Paul Samuelson, 1915 - 2009

Paul Samuelson died over the weekend, at age 94. He was born in Gary, Indiana (one of two Noble prize winners in Economics born in Gary, a remarkable enough fact), and he changed the world, in a very real sense.

Samuelson transformed economics, both through his scholarship (starting with Foundations of Economic Analysis, and going on from there) and through his textbook, Economics (recently co-authored by William Nordhaus). Unlike a lot of economists, he did not write books (either scholarly or popular), but published extensively in a large number of fields. What do I mean by a large number of fields?

He developed the theory of revealed preference and used it to derive both product demand curves and consumer surplus.

His doctoral dissertation (Foundations of Economic Analysis) demonstrated how advanced mathematical tools could be applied to problems in economic theory.

He developed and formalized the accelerator principle in macro theory.

He did work in trade theory, notable drawing out implications of the Heckscher-Olin trade hypothesis and developing the Stolper-Samuelson theorem.

He formalized the theory of public goods (building on the work of Richard Musgrave).

He extended the overlapping generations model.

With Robert Solow and Robert Dorfman, he developed the application of linear programming analysis to economics.

He pioneered the analysis of stock market prices; his work laid the groundwork for the studies that led to an Economics Nobel for Robert Merton and for the development of the Black-Scholes formula for valuing complex financial instruments.

He was responsible for the neoclassical synthesis in macroeconomics.

And that's just a taste of what he accomplished.

His textbook, Economics, which first appeared in 1947 and is now in its 19th edition, transformed the teaching of economics. Virtually every economics textbook currently available has borrowed the structure of Samuelson's book--and much of its analytical content. Whether they have used his book or not, every economics instructor and every economics student has bee influenced by it.

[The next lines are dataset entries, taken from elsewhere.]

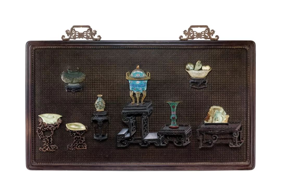 清乾隆 紫檀嵌掐丝珐琅海屋添筹纹宝瓶式座屏
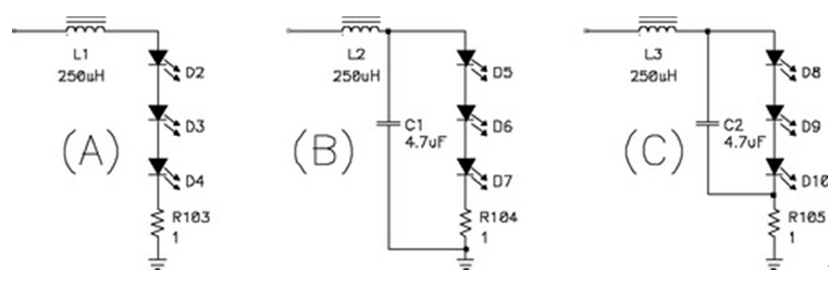 關閉 LED 電源上的電流環路比關閉傳統電源上的電壓環路簡單。環路的復雜性取決于輸出濾波器的配置。圖8顯示了三種可能的配置:只有一個簡單電感器的濾波器(A);一個典型的電源濾波器(B);以及一個修正后的濾波器(C)。
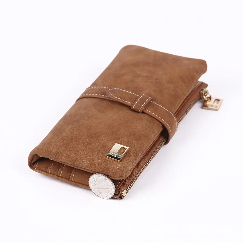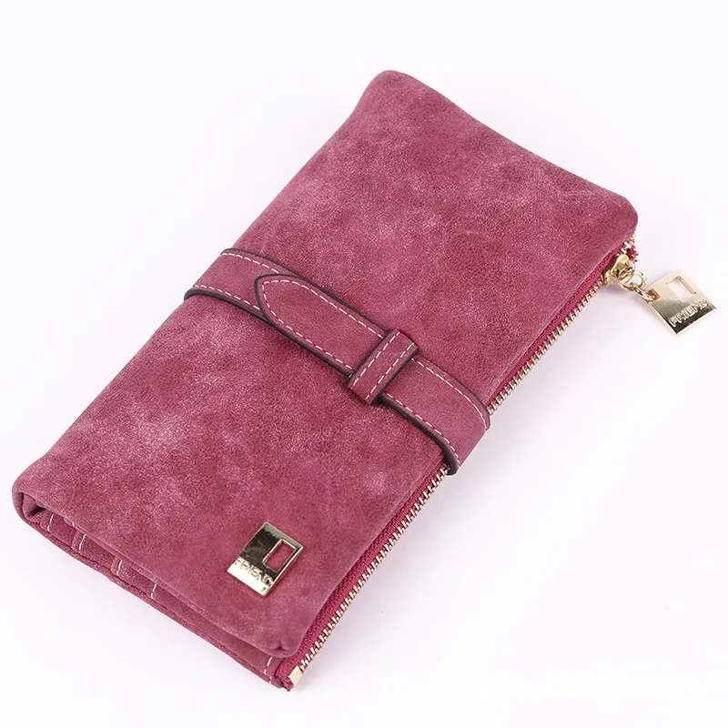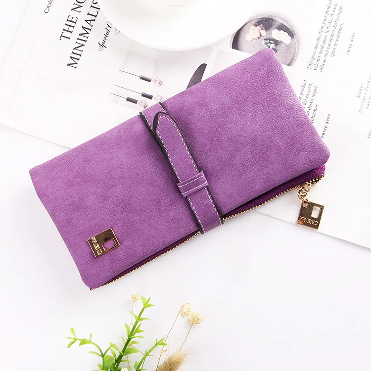 Длинный кошелек двойного сложения, женские кошельки от известного бренда, замшевый кошелек из нубука на шнурке и молнии, женский кошелек, женский клатч
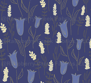Periwinkle tulips and vanilla cream hyacinths bloom on a deep indigo-blue background.

Keynes once wrote: "The ideas of economists and political philosophers, both when they are right and when they are wrong, are more powerful than is commonly understood. Indeed, the world is ruled by little else. Practical men, who believe themselves to be quite exempt from any intellectual influences, are usually the slaves of some defunct economist. Madmen in authority, who hear voices in the air, are distilling their frenzy from some academic scribbler of a few years back. I am sure that the power of vested interests is vastly exaggerated compared with the gradual encroachment of ideas…. But, soon or late, it is ideas, not vested interests, which are dangerous for good or evil…"

Samuelson laid the basis for much that economists have created in the past 70 years. It has been mostly for good. His presence will be missed, but his example should continue to inspire and to stimulate economists well into the future.